The extent of the undercut is not known prior to etching and will vary from device-to-device, making it very difficult to compensate for the undercut in the original design or to know precisely what the actual gate width is after etching. The poor linewidth control reduces the effective length of the channel, thus changing the performance of the P-channel transistor. If the channel length becomes too short, source-to-drain punchthrough can result, destroying the transistor. Consequently, the P-channel transistor is limited to gate widths greater than 1.mu..

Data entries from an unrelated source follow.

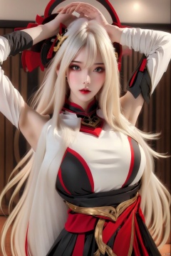 1girl, solo, long hair, breasts, looking at viewer, blush, bangs, skirt, large breasts, shirt, hair ornament, hair between eyes, bare shoulders, very long hair, white hair, multicolored hair, parted lips, detached sleeves, sleeveless, artist name, indoors, signature, armpits, arm up, lips, sleeveless shirt, red lips, hand on own head
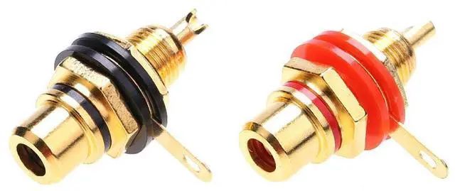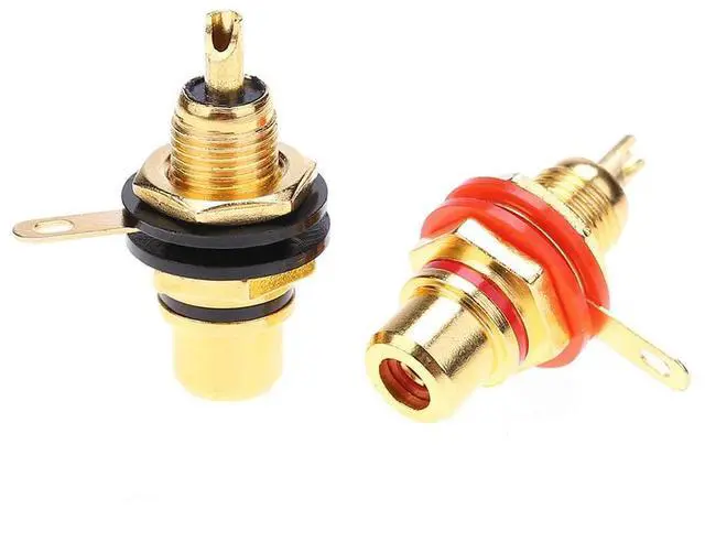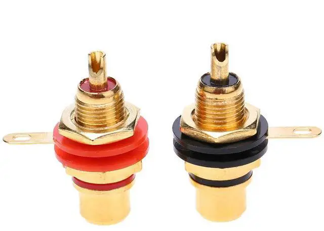 • 2pcs RCA Female Socket Connectors Chassis Panel Mount Adapters Audio Terminal Plug Zinc Alloy Gold Plating Accessories
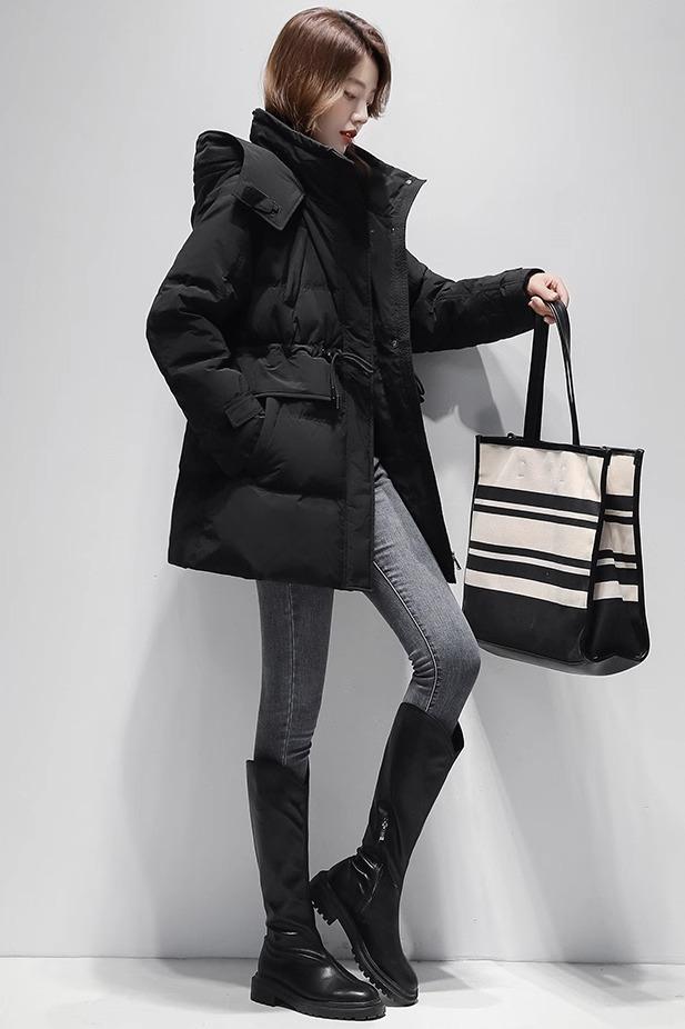Chaqueta acolchada de algodón para mujer, de longitud media, invierno 2023, nueva moda, estilo occidental, de alta gama, con cordón simple, abrigo informal ajustado
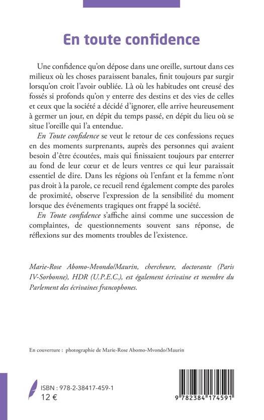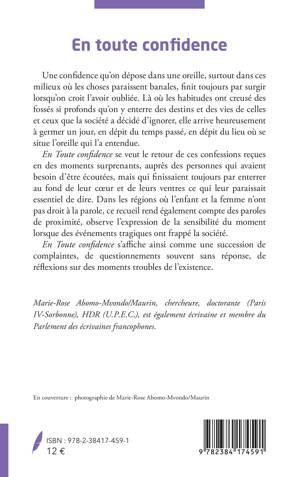 Une confidence qu'on dépose dans une oreille, surtout dans ces milieux où les choses paraissent banales, finit toujours par surgir lorsqu'on croit l'avoir oubliée. Là où les habitudes ont creusé des fossés si profonds qu'on y enterre des destins et des vies de celles et ceux que la société a décidé d'ignorer, elle arrive heureusement à germer un jour, en dépit du temps passé, en dépit du lieu où se situe l'oreille qui l'a entendue. En Toute confidence se veut le retour de ces confessions reçues en des moments surprenants, auprès des personnes qui avaient besoin d'être écoutées, mais qui finissaient toujours par enterrer au fond de leur cur et de leurs ventres ce qui leur paraissait essentiel de dire. Dans les régions où l'enfant et la femme n'ont pas droit à la parole, ce recueil rend également compte des paroles de proximité, observe l'expression de la sensibilité du moment lorsque des événements tragiques ont frappé la société. En Toute confidence s'affiche ainsi comme une succession de complaintes, de questionnements souvent sans réponse, de réflexions sur des moments troubles de l'existence.

A common practice to diminish the undercutting problem is to reduce the thickness of the dielectric oxide layer 90 and the first polysilicon layer. This reduces the overetching time, which in turn reduces the amount of undercutting. However, a thin dielectric layer reduces the breakdown voltage between the EEPROM floating gate and its control gate. A thin first polysilicon layer will allow ion implantation penetration in the latch transistor's channel during the source/drain implantations which can increase the leakage current in the device.